In a statement, the pro-Israel lobbying group continued, “The charge evokes classical anti-Semitic tropes about dual loyalty — in this case applied to some lawmakers who are not even Jewish — that have no place in our political discourse. Ironically, it was Representative Tlaib who took the unusual step of wrapping herself in a foreign flag upon winning election to Congress, and who said she would serve as ‘a voice for’ another nation in the House of Representatives.”

The irony here is that American Muslims have long faced the same kind of racist smears of dual loyalty, especially in the years after 9-11 when American Muslims had to endure discrimination and rising Islamophobia, culminating in Trump’s election. Islamophobes accusations of dual loyalty against Muslims fuel Islamophobia just as anti-Semites’ accusations of dual loyalty against Jews fuel anti-Semitism. Altogether, they make the world a worse off place.
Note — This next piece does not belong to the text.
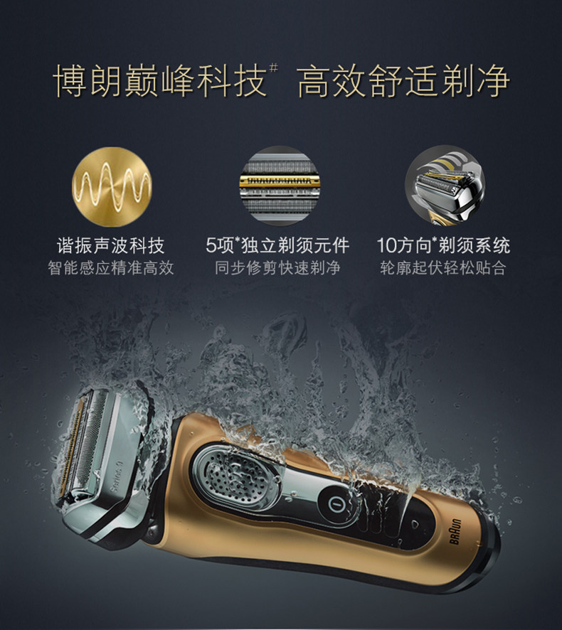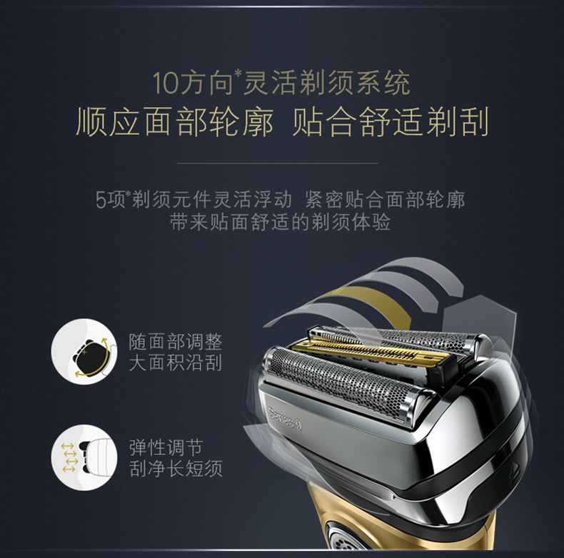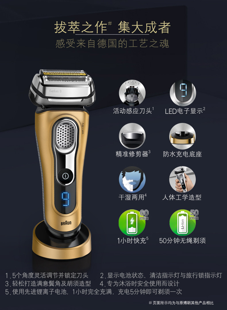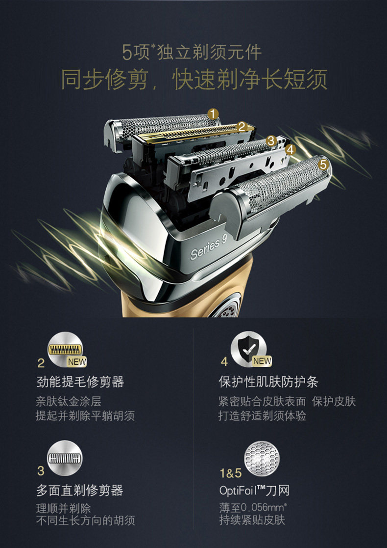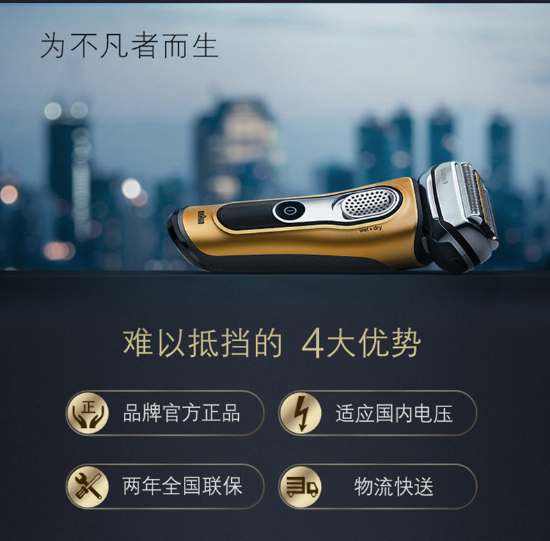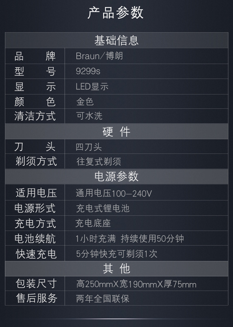 产品名称:Braun/博朗 9299s 颜色分类: 金色 修发器/修剪器: 有 充电时间: 1小时 刀头: 往复式4刀头 品牌: Braun/博朗博朗型号: 9299S完全充电使用时间: 50分钟 清洁方式: 全身水洗 电源方式: 电源式 适用电压: 全球通用 电压(100-240V) 售后服务: 全国联保
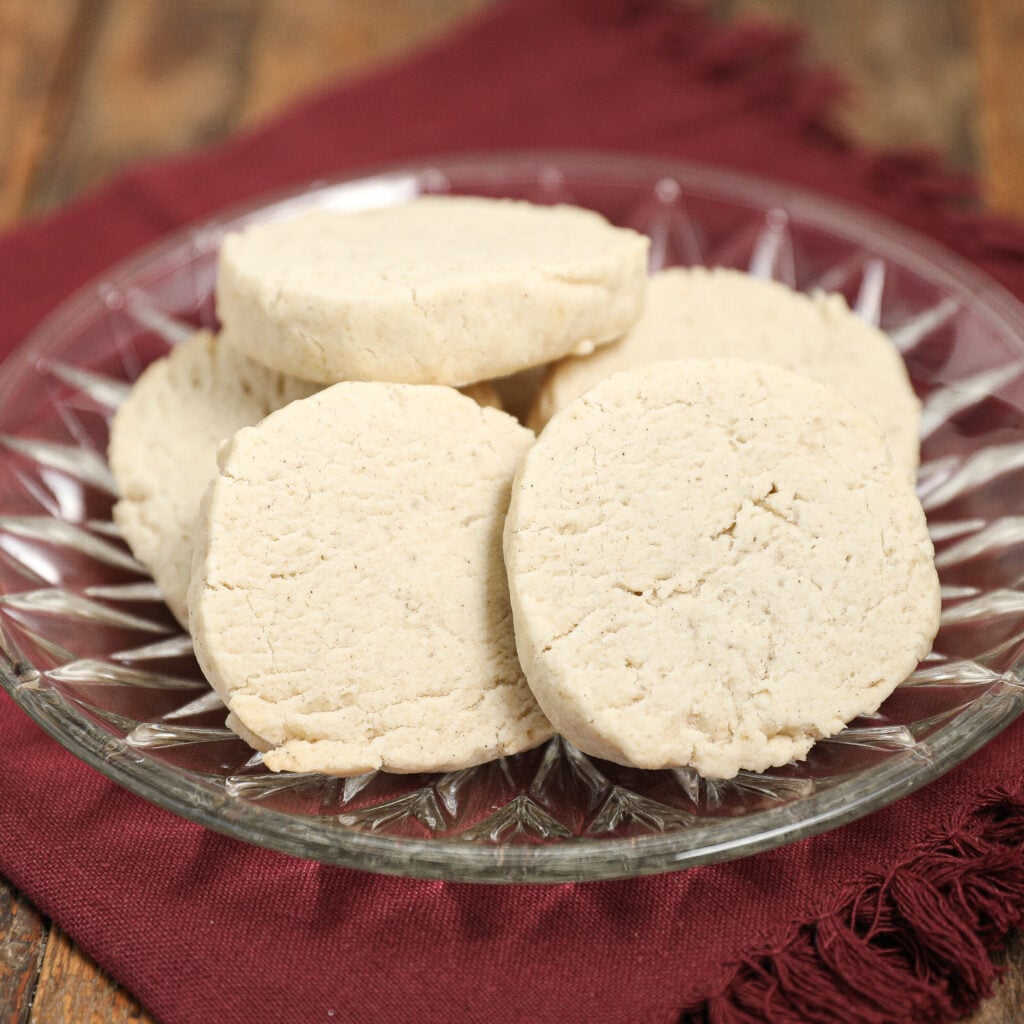 For best results, slice the dough into even rounds. This helps the cookies bake evenly and gives them that perfect shortbread crispness on the edges with a soft center.

But the reflexive outrage against Tlaib detracts attention from a newer, more optimistic trend: Progressive American Jews and Muslims are working together as activists and policymakers to push back against the racism and anti-Semitism that endanger them both.

Today, leftist Jewish groups march alongside Muslim activists against police brutality, anti-Semitism, Islamophobia and Israeli Apartheid. But members of both communities are trying to find their place in a country where members of majority religion and culture are not always welcoming, and sometimes viciously hostile to their existence. For this and many other reasons, Jews and Muslims in America, and everywhere else, have plenty of  work to do together to repair the world.